[Collection entries]
------------------------------------------------------------------------

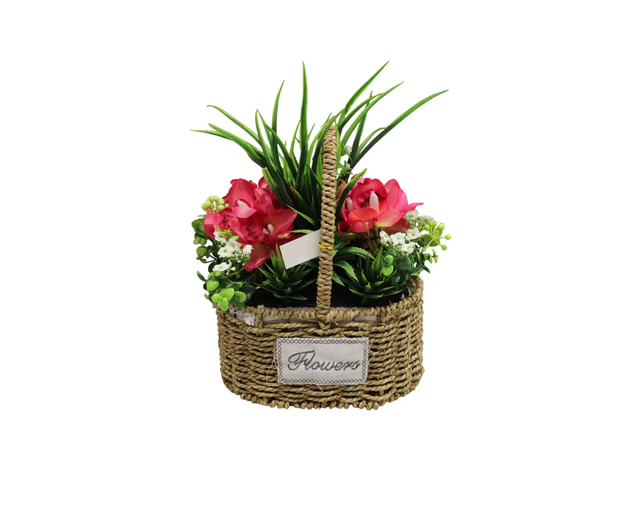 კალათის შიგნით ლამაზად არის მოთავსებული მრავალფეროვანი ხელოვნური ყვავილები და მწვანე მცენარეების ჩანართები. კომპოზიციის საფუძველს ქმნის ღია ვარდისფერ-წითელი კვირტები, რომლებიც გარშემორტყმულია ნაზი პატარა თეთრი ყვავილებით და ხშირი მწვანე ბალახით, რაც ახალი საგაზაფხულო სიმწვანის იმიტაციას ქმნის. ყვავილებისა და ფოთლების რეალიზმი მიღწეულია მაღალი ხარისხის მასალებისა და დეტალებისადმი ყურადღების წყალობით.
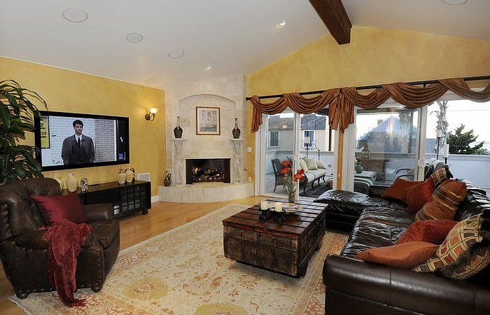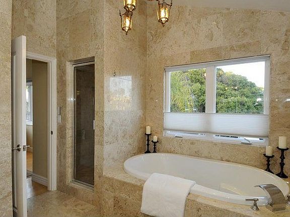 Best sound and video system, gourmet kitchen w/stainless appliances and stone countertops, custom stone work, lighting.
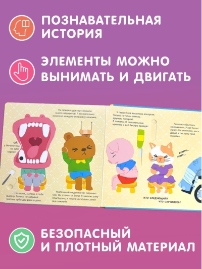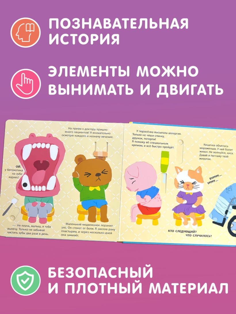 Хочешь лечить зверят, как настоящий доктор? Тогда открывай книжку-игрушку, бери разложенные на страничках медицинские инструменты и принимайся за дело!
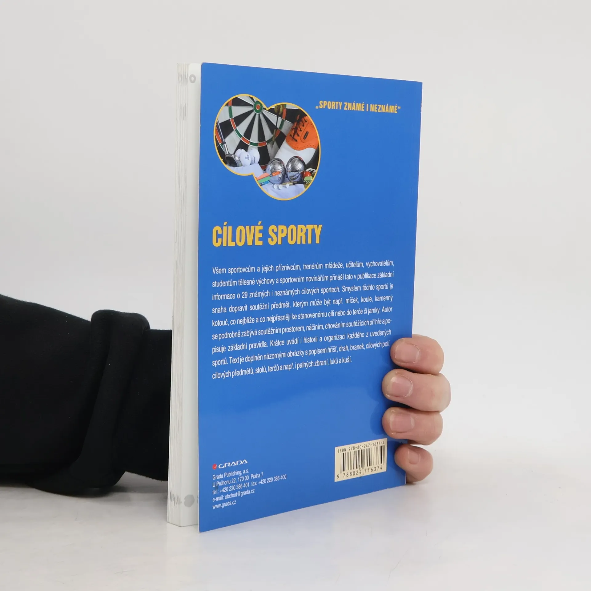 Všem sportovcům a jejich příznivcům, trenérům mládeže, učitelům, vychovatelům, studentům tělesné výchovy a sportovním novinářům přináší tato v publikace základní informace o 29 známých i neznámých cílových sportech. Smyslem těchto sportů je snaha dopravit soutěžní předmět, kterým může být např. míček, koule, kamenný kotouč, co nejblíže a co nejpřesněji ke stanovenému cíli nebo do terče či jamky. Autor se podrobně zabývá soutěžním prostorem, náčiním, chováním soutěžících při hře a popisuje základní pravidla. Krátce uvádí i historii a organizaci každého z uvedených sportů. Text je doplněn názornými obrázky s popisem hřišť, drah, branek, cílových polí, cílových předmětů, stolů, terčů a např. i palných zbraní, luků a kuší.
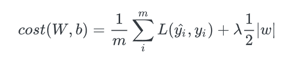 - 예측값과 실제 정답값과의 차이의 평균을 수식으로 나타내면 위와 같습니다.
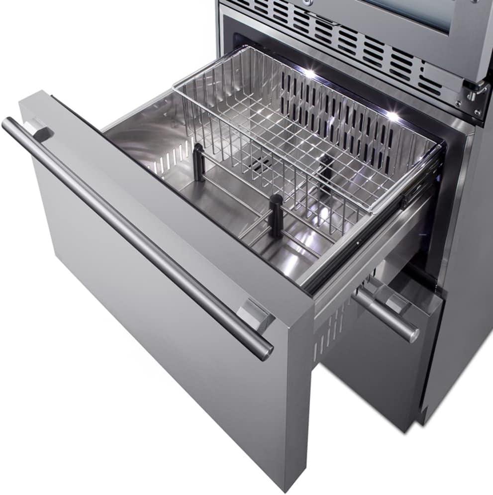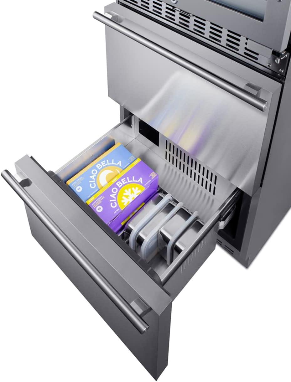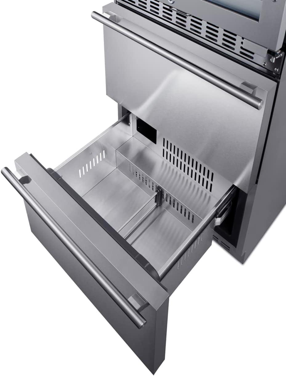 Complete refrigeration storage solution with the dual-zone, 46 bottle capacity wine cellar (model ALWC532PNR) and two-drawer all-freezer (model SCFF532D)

------------------------------------------------------------------------

▶ REQUIRED ACTION
Your answer must be the lines from the line containing "- 예측값과 실제 정답값과의 차이의 평균을 수식으로 나타내면 위와 같습니다." through the final line of the data, written out exactly, both ends included and pictures left out.

▶ SOLUTION TO THIS EXERCISE
 - 예측값과 실제 정답값과의 차이의 평균을 수식으로 나타내면 위와 같습니다.
 Complete refrigeration storage solution with the dual-zone, 46 bottle capacity wine cellar (model ALWC532PNR) and two-drawer all-freezer (model SCFF532D)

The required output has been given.